§ **Your objective**
Only the lines below from the one containing "Avec les protocoles" through the one containing "Crackle-serien er en" belong in the answer, set down exactly, with the pictures left out.

§ **Excerpted data**
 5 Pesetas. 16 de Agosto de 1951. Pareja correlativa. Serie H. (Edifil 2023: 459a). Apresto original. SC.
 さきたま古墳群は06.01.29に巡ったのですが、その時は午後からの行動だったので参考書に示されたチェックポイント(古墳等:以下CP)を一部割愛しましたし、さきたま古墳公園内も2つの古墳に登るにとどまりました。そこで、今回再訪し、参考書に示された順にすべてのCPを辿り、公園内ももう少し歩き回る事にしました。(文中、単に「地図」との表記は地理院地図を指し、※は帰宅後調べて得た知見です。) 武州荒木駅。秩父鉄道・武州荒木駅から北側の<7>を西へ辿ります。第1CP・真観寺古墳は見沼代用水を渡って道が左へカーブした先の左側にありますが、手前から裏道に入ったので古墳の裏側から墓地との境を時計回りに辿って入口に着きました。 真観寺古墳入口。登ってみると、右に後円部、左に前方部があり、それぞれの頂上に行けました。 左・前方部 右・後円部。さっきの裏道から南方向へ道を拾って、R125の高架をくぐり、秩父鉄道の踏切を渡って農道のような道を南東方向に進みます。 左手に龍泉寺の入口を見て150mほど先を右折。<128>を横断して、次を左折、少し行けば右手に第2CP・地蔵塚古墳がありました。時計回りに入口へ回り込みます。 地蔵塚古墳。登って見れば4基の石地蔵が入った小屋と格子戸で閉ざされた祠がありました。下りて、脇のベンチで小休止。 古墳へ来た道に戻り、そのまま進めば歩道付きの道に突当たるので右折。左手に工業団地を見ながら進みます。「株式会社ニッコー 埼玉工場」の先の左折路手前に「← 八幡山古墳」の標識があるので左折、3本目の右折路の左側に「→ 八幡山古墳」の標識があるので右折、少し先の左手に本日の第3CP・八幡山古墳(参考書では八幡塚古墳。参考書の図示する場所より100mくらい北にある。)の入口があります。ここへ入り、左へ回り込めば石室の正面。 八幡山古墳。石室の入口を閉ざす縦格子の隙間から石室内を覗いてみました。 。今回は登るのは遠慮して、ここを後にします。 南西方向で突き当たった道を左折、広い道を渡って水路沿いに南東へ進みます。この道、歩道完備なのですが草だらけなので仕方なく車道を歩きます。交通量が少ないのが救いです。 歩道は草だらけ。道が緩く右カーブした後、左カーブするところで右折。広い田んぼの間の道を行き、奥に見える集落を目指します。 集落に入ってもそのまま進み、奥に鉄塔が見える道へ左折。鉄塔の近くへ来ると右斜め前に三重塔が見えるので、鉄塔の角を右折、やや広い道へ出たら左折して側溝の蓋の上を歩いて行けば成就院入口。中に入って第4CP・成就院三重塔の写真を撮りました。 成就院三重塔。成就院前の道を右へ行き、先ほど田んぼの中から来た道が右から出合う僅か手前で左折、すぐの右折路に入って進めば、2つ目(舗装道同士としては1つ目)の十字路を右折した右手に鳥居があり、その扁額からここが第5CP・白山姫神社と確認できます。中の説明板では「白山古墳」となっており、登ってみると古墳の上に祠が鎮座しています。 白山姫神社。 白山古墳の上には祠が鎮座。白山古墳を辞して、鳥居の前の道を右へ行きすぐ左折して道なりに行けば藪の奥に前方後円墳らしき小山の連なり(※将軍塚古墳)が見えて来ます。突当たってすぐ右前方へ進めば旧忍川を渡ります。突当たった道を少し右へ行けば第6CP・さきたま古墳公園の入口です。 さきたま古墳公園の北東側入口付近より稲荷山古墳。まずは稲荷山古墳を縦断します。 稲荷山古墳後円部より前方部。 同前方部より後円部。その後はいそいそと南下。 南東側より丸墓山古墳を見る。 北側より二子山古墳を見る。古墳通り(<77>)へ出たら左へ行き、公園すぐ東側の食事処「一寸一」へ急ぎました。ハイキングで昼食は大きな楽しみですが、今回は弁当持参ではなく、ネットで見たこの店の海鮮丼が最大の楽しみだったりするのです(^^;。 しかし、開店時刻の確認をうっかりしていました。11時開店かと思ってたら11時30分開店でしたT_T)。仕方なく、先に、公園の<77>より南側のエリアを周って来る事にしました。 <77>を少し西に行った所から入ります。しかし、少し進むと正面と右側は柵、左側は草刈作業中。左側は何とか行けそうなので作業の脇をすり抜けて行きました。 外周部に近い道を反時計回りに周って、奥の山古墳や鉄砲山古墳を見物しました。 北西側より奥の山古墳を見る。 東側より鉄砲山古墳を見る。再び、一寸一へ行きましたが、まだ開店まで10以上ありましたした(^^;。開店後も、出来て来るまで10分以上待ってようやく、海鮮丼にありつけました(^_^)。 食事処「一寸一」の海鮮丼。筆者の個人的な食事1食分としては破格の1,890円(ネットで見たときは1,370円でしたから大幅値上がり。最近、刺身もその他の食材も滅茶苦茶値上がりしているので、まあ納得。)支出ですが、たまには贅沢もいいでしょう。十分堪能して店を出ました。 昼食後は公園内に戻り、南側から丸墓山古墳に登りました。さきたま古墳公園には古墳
==
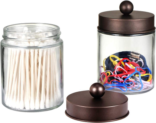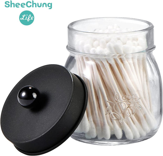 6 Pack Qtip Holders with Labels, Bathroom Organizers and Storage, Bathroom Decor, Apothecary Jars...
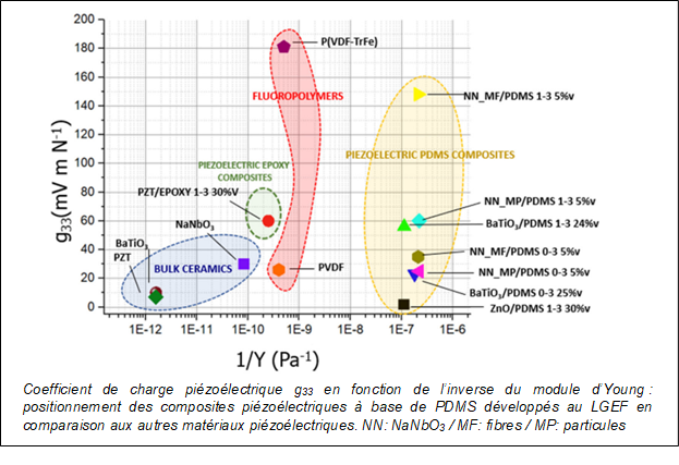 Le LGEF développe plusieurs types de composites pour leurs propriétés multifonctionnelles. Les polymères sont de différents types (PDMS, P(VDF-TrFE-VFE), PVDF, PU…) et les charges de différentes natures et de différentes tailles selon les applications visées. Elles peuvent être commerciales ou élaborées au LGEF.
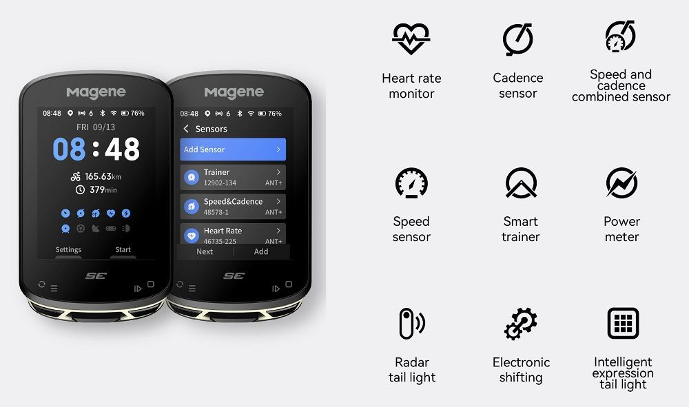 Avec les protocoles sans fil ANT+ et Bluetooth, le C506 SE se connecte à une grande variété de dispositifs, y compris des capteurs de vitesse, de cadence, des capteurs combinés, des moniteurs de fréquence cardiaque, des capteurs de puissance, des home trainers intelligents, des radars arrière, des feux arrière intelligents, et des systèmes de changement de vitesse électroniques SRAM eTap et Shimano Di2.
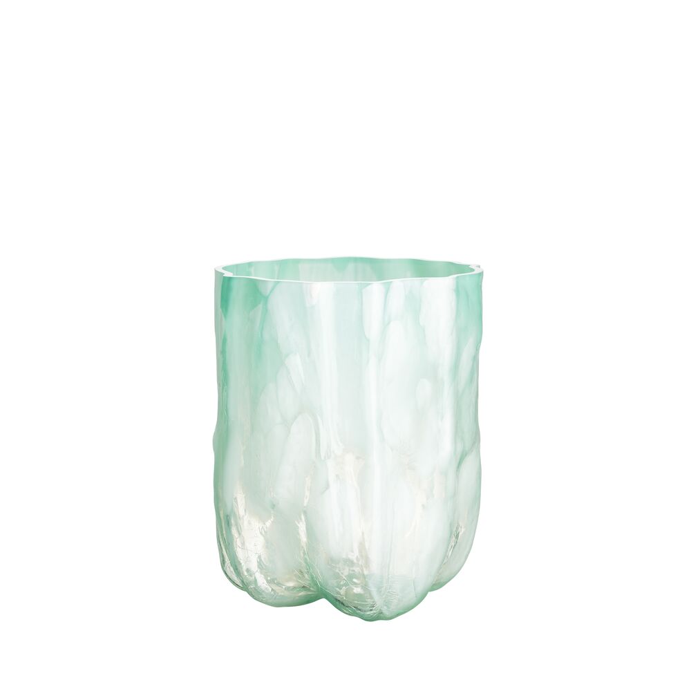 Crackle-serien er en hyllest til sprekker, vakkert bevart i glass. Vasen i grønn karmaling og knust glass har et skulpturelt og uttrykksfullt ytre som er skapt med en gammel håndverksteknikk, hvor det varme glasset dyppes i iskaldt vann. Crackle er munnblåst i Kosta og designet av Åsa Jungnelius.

§ **Expected answer**
 Avec les protocoles sans fil ANT+ et Bluetooth, le C506 SE se connecte à une grande variété de dispositifs, y compris des capteurs de vitesse, de cadence, des capteurs combinés, des moniteurs de fréquence cardiaque, des capteurs de puissance, des home trainers intelligents, des radars arrière, des feux arrière intelligents, et des systèmes de changement de vitesse électroniques SRAM eTap et Shimano Di2.
 Crackle-serien er en hyllest til sprekker, vakkert bevart i glass. Vasen i grønn karmaling og knust glass har et skulpturelt og uttrykksfullt ytre som er skapt med en gammel håndverksteknikk, hvor det varme glasset dyppes i iskaldt vann. Crackle er munnblåst i Kosta og designet av Åsa Jungnelius.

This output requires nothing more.